## EXERCISE INSTRUCTIONS
All of the listing, from first line to last, should be output exactly; the pictures stay out.

━━━ EXERCISE DATA

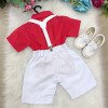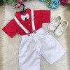 Conjunto Miss Cherry Henry Vermelho Suspensorio Branco
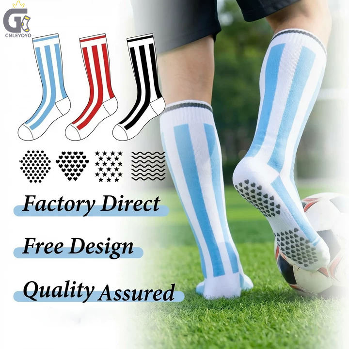 Chaussettes de football GENKE personnalisées à rayures verticales, antidérapantes, hauteur genou, fabrication directe, design gratuit
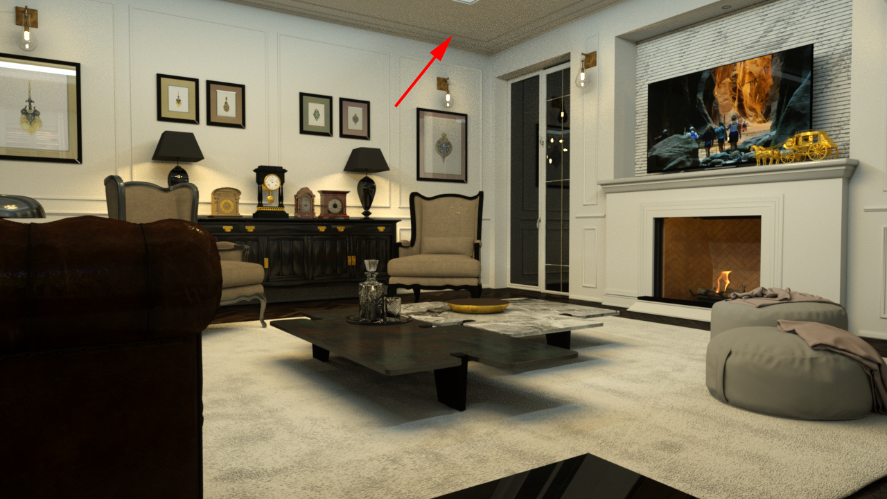 Maybe you could try noise reduction in post, so isolate just that material (render passes , material ID/layers) of ceiling and then apply NR on just that.

━━━━━━

## ANSWER TO THIS PROBLEM
 Conjunto Miss Cherry Henry Vermelho Suspensorio Branco
 Chaussettes de football GENKE personnalisées à rayures verticales, antidérapantes, hauteur genou, fabrication directe, design gratuit
 Maybe you could try noise reduction in post, so isolate just that material (render passes , material ID/layers) of ceiling and then apply NR on just that.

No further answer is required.